Environment Variables

Variable	Default	Description
`DATA_PATH`	`/data/arxiv_2.9k.jsonl`	Path to dataset file
`INDEX_DIR`	`/app/index`	Directory for vector index
`MODEL_PATH`	`/app/models/llama-model.gguf`	Path to LLM model
`IMAGE_API_PROVIDER`	`pollinations`	Image generation provider
`IMAGE_API_KEY`	(empty)	API key for OpenAI (if using)

Image Generation Setup (Optional)

Option 1: Pollinations.ai (Default, Free)

No configuration needed! It works out of the box.
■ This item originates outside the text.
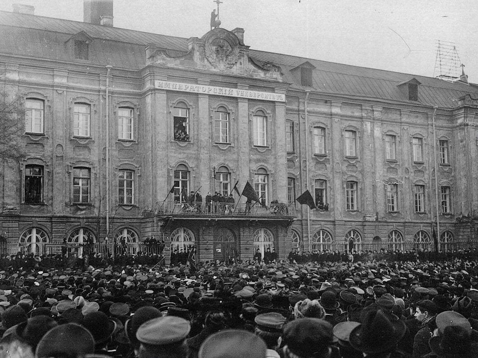 Митинг студентов около университета по случаю Высочайшего манифеста «Об усовершенствовании государственного порядка», 17 октября 1905 года, Санкт-Петербург. Фото: Центральный государственный архив кинофотофонодокументов Санкт-Петербурга / История России в фотографиях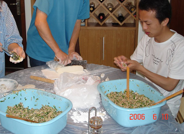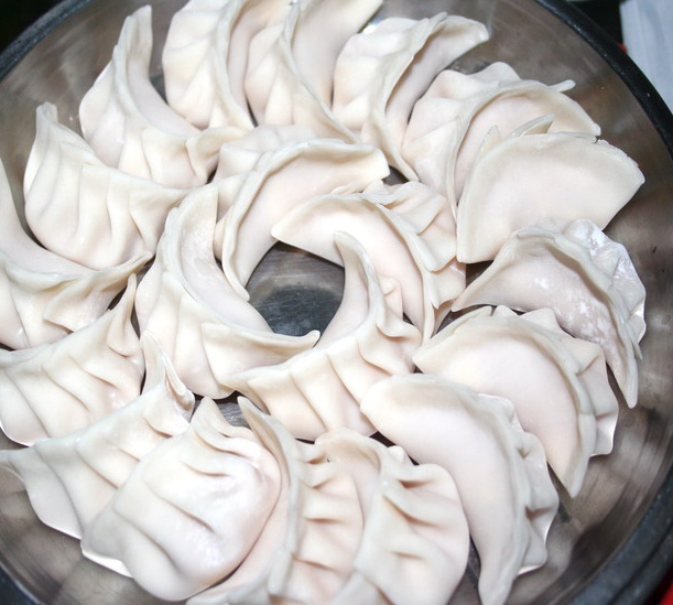 现在,母亲开始揉面,母亲从面袋里取了两碗面,放在面板上,在中间挖了一个圆圈,在面粉上放了一撮碱,在水瓢里到了一点水,开始揉面,母亲力道大,揉的面很精。母亲把锅放在火炉上,倒入少量的水,等到汤水开了,就可以下水饺。现在,我们全家开始包水饺,母亲的手艺好,那是左邻右舍众人所知的事,而在这之中,又以包水饺最拿手,看着母亲娴熟的动作,实在令我敬佩万分,我立即要求母亲让我擀面皮,母亲答应了我的请求,于是我在厨房买力的擀面皮,但我怎么擀都擀不好,最终,还是让给妈妈擀,饺子全部包完了,面板上摆满了琳琅满目的水饺。

docker run --rm -p 8080:8080 \
  -e DATA_PATH=/data/arxiv_2.9k.jsonl \
  -v $(pwd)/arxiv_2.9k.jsonl:/data/arxiv_2.9k.jsonl:ro \
  navedanan/genai-app:latest

Option 2: OpenAI DALL-E

Requires an OpenAI API key:

docker run --rm -p 8080:8080 \
  -e DATA_PATH=/data/arxiv_2.9k.jsonl \
  -e IMAGE_API_PROVIDER=openai \
  -e IMAGE_API_KEY=sk-your-api-key-here \
  -v $(pwd)/arxiv_2.9k.jsonl:/data/arxiv_2.9k.jsonl:ro \
  navedanan/genai-app:latest

📡 API Endpoints

POST `/answer`

Query the system and get a complete answer.

Request:

{
  "query": "What are recent advances in transformers?",
  "generate_image": false,
  "top_k": 5
}

Response:

{
  "answer": "Recent advances in transformers include...",
  "citations": [
    {"doc_id": "2509.01234", "title": "A New Approach to Transformers"}
  ],
  "retrieved_context": ["Abstract text..."],
  "image_url": null
}

POST `/stream`

Stream the answer generation (Server-Sent Events).

Note

Because of curl's buffering behavior, It buffers the output and doesn't display Server-Sent Events (SSE) in real-time. This is a common problem with streaming endpoints. for real-time update use CLI command with --stream flag

curl -X POST http://localhost:8080/stream \
  -H "Content-Type: application/json" \
  -d '{"query": "Tell me about neural networks"}'

GET `/health`

Check system health and statistics.

curl http://localhost:8080/health

GET `/stats`

Get indexing statistics.

curl http://localhost:8080/stats

🎯 Dataset Format

The system expects a .jsonl file where each line is a JSON object. Based on the arxiv dataset structure:

Complete Example Record

{
  "id": "2509.21245v1",
  "submitter": "Team Hunyuan3D",
  "authors": "Bowen Zhang, Chunchao Guo, Haolin Liu, Hongyu Yan, ...",
  "title": "Hunyuan3D-Omni: A Unified Framework for Controllable Generation of 3D Assets",
  "comments": "Technical Report; 3D Generation",
  "journal-ref": "",
  "doi": "",
  "categories": "cs.CV cs.AI",
  "abstract": "Recent advances in 3D-native generative models have accelerated asset creation for games, film, and design. However, most methods still rely primarily on image or text conditioning and lack fine-grained, cross-modal controls...",
  "source": "arxiv"
}

Field Requirements

Required fields (system will skip records without these):

id: Unique document identifier (e.g., "2509.21245v1")
title: Paper title (used for citations and reranking)
abstract: Full abstract text (used for embeddings and retrieval)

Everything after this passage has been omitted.